Grant was not afraid to use Federal force to maintain order and uphold civil rights. Under Grant’s watch, the Fifteenth Amendment, which explicitly granted the franchise to all adult male citizens regardless of race, was adopted. Grant also created the Justice Department, headed by the Attorney General, to enforce civil rights laws. Prior to 1871, the Attorney General was mostly a glorified White House counsel. Grant made the position into one of the most powerful jobs in the country. Nevertheless, Grant’s desire to use Federal force to enforce black voting rights in the South was often more of a political calculation than a moral one.  Bunting admits that Grant would time Federal activities in the South to help with elections in various parts of the country.

Toward the end of Grant’s first term, a major scandal shook up his Administration. It would be known as the Credit Mobilier Scandal. Credit Mobilier was a construction company set up by the Union Pacific railway. Several members of Congress had taken bribes, usually in the form of stock, to give the Union Pacific favorable votes in Congress. Vice President Colfax was caught up in the scandal and dropped from the ticket in 1872.

The Democrats did not run an opponent against Grant in 1872. Instead, an odd coalition of government reformers who were opposed to the rampant use of political patronage jobs, as well as Northerners who objected to the continuation of military Reconstruction in the South, formed a group called the Liberal Republicans. They nominated newspaper publisher Horace Greeley.

Greeley had never held elective office before. His campaign never got very far as he proved to be a rather unusual character. He always wore a long coat and carried an umbrella regardless of the weather.

Grant had little trouble winning another term. He won with 286 electoral votes and 55.6% of the popular vote. Soon after the election, Greeley’s wife died. Bereft after her passing, Greeley soon died as well, leaving his 66 pledged electors to vote for whomever they wanted. (For those not scoring at home, here is how the voting went.)

The next four years for Grant would bring about even more scandal. His new Vice President, Henry Wilson, turned out to also be involved in the Credit Mobilier scandal. However, he passed away in 1874, before any final determination of his complicity.

In 1873, Congress passed a law doubling the President’s salary to $50,000. That did not bother people. What bothered people was that Congress voted itself a raise and made it retroactive for two years. And members of Congress would get a $5,000 bonus on top of that. Public opposition forced the repeal of this pay raise (but not Grant’s) in 1874.

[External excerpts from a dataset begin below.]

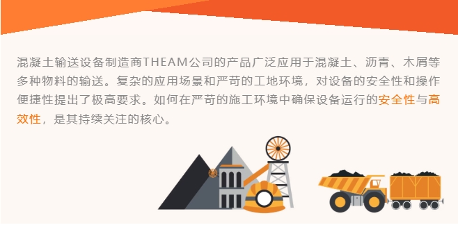 •   混凝土输送设备制造商THEAM公司的产品广泛应用于混凝土、沥青、木屑等多种物料的输送。复杂的应用场景和严苛的工地环境,对设备的安全性和操作便捷性提出了极高要求。如何在严苛的施工环境中确保设备运行的安全性与高效性,是其持续关注的核心。
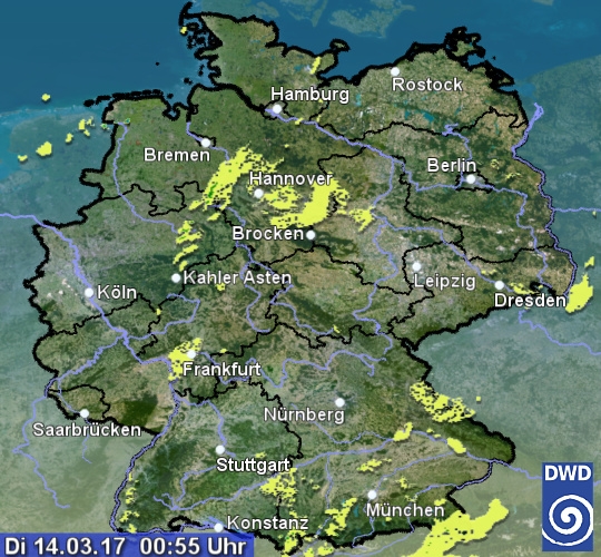 Das Radarbild zeigt zwar einige schwache Echos. Diese deuten jedoch nicht auf Niederschlag hin. Von Nordwesten ziehen momentan dichtere Wolken über Deutschland hinweg. Diese haben aber noch keinen Regen im Gepäck. Im Süden und Osten ist es noch größtenteils klar.
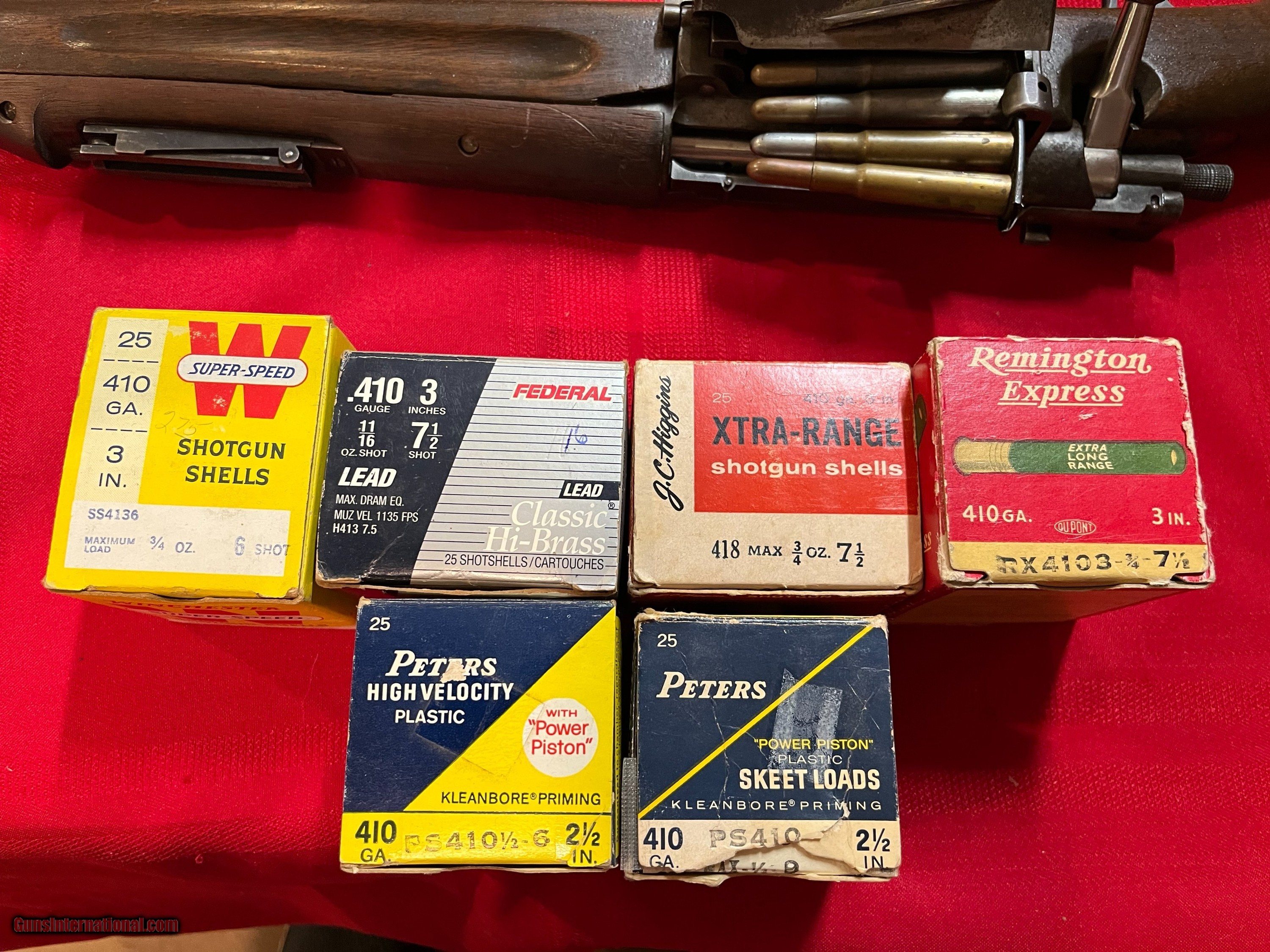 Description: 1 box Winchester 410 3" paper #6 21 pieces 1 box Federal/ Remington 3" # 7 1/2 plastic 25 pieces 1 box J C Higgins 3" # 7 1/2 paper 24 pieces 1 box Remington 3" # 7 1/2 paper 25 pieces 1 box Peters Skeet 2 1/2" plastic #9 15 pieces 1 box Peters 2 1/2" plastic #6 20 pieces SOLD Shotgun Gauge: .410 Gauge |

Grant’s personal secretary had to resign in connection in a tax evasion scheme involving distillers. The Secretary of War extorted money to allow a trading post to stay open. The Attorney General took a bribe to stop the prosecution of a case against a customs house.

Adding to all this was a major financial crisis: the Panic of 1873. This crisis came about because of speculation in the railroad industry. Those stocks became over-valued and then collapsed in price. Banks began to fail. Unemployment shot up. Wages declined. Congress wanted to relieve the credit crisis by allowing more greenbacks into circulation. But, Grant vetoed the measure, keeping in line with his strong belief in the gold standard, as well as a fear of inflation. Although it did take time (until 1879 when Grant was out of office), the economy did right itself.

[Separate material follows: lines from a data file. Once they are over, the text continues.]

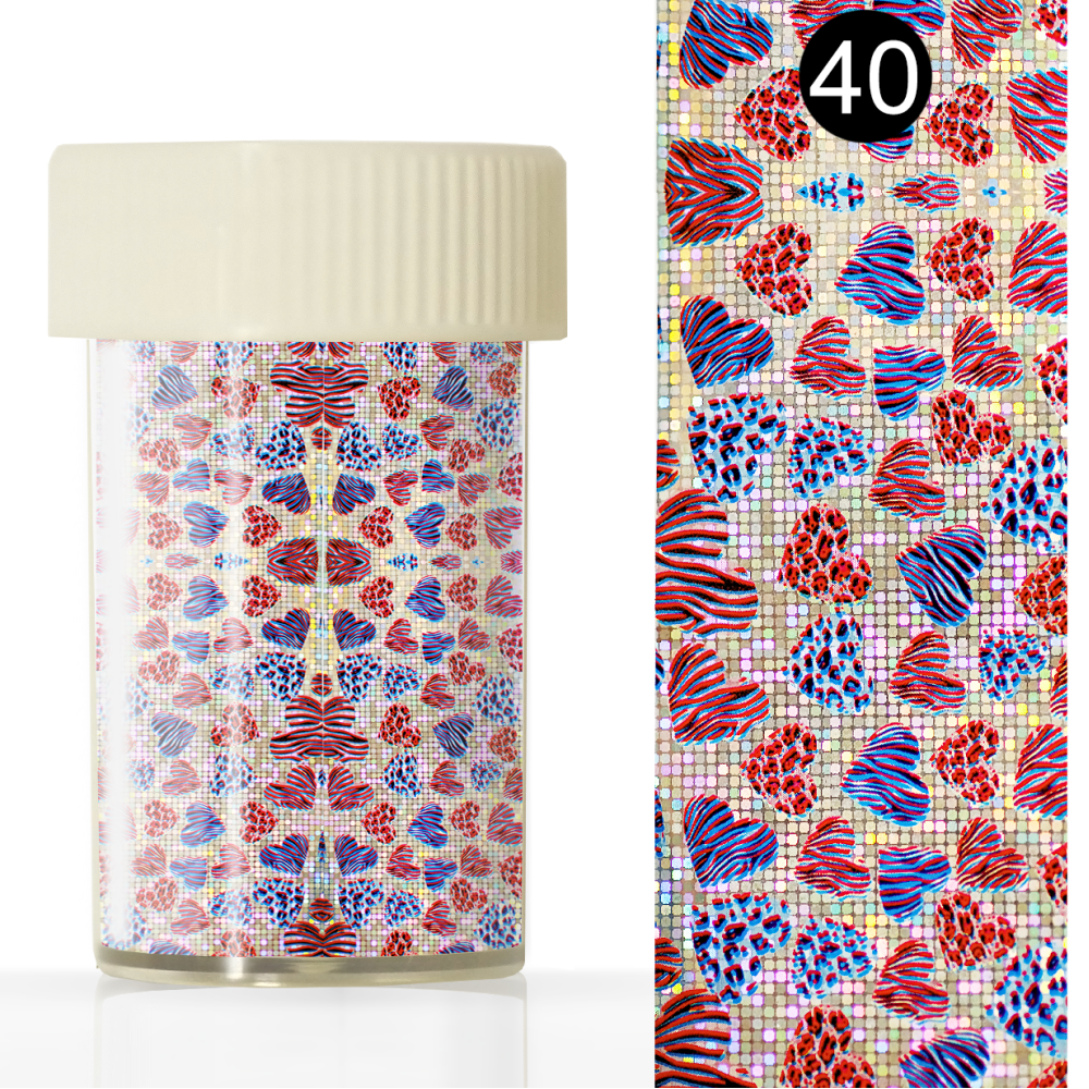 Фольга для литья в баночке KODI PROFESSIONAL № 40 – отличается милым рисунком в виде стилизованных сердечек с различной прорисовкой на металлизированном фоне, стилизованном под тканевое плетение. За счет цельности рисунка фольга предназначена для цельного нанесения на ногтевую пластину и использования в комбинированных дизайнах ногтей. Материал легко ложится на ногти и полностью пропечатывается на липком слое базового покрытия.
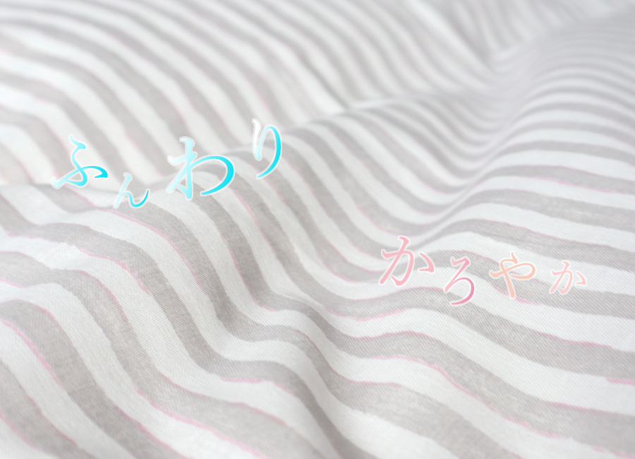 抗菌防臭効果のある、ピーチフレッシュ加工のダブルガーゼ。通気性や吸放湿性にも優れ、いつでもさらっと清潔にお過ごしいただけます。
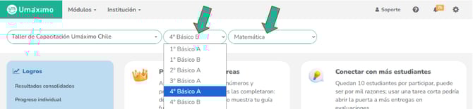 En la plataforma, elige el área (Matemática) y el grupo correspondiente.

It might seem that Grant did little right. Bunting does not believe that to be the case. He believes that the domestic ills were the result of Grant’s military background and his belief that he could delegate authority correctly.

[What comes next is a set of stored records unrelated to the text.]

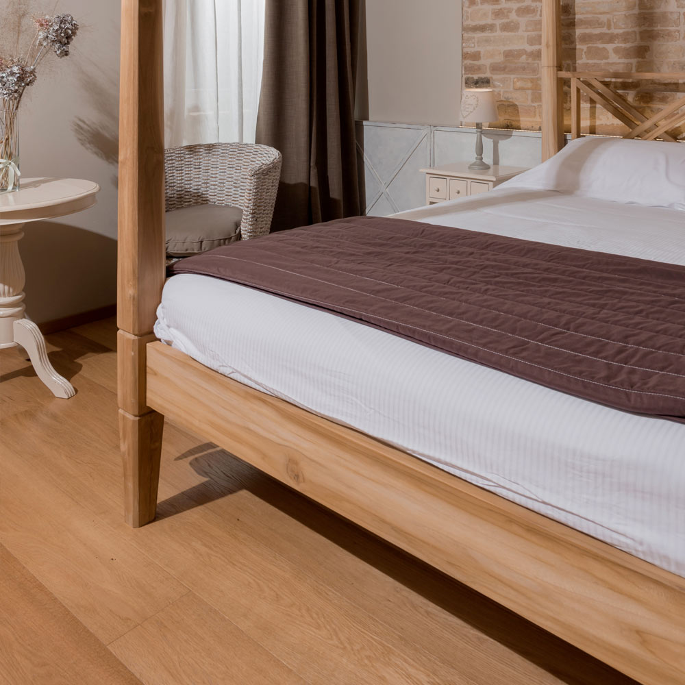 This solid teak canopy bed is a charming piece of furniture, capable of transforming the bedroom into a refined and evocative space. The solid structure and artisanal workmanship enhance the natural grain of the wood , creating a warm and elegant atmosphere with a timeless feel.
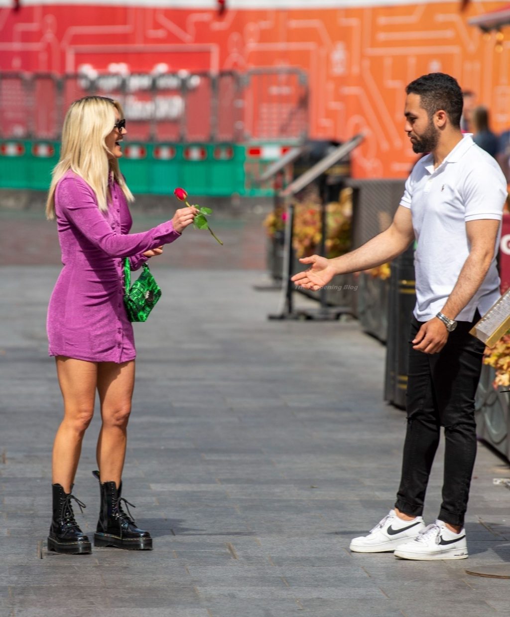 A loira bombshell recebe uma rosa vermelha de um cavalheiro do lado de fora dos estúdios.
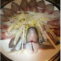 在鱼上铺上一层葱姜丝。冷水上锅,隔水蒸,上汽后蒸6分钟关火焖2分钟就好了。
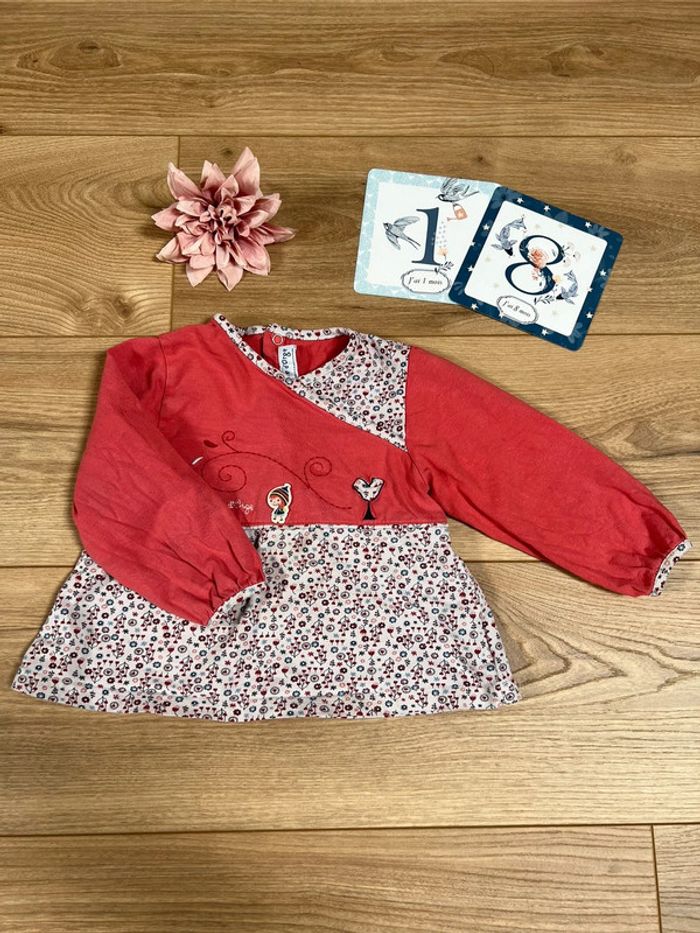 T shirt manches longues effet cache cœur corail et blanc Sucre D’orge 18 mois BE - photo numéro 1
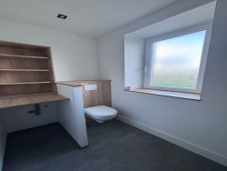 HILLION, joile maison en pierres comprenant: cuisine américaine équipée avec coin repas et cheminée, une chambre, belle salle d'eau avec w.c, à l'étage: une très grande chambre. Dépendance attenante, chauffage électrique, terrasse Libre de suite
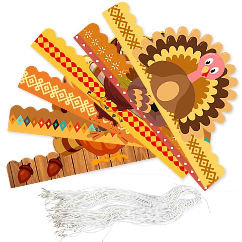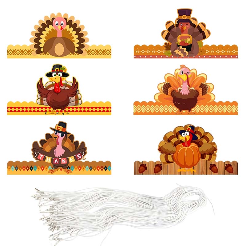 Wholesalers choose this Thanksgiving-themed party crown hats set because it combines classic holiday imagery with interactive fun. Moreover, the inclusion of fastening strings improves usability for both adults and children.
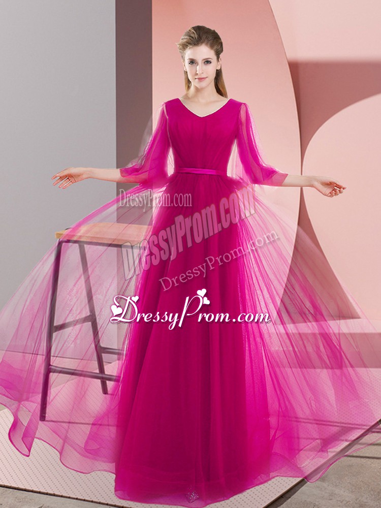 Neckline : V-neckShown Color : Pink ,FuchsiaSilhouette : A-lineSleeve Length : long sleevesHemline : floor lengthBack Detail : ZipperFabric : TulleEmbellishment : BeadingOccasion : Prom,PartySeason : Spring,Summer,Fall,Winter
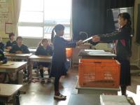 例年なら、体育館で全校が集まって行う集会ですが、まだ全校が集まることが難しいため、テレビ放送で発表をしました。

Bunting also gives Grant credit for foreign policy successes. Secretary of State Hamilton Fish negotiated a major treaty with Great Britain over a dispute that originally centered on a claim that the United States had against the British for helping the Confederate Navy build a steamer called the Alabama. Fish initially received monetary remuneration from Britain, but Senate Foreign Relations Chair Charles Sumner declared that to be inadequate. Sumner believed the Alabama extended the Civil War for two years. Sumner wanted Canada as payback.

Fish ultimately got the British (and Sumner) to come to an agreement to have the matter sent to binding arbitration. Fish would also negotiate a sticky border dispute between the U.S. and Canada in the newly acquired Alaska Territory.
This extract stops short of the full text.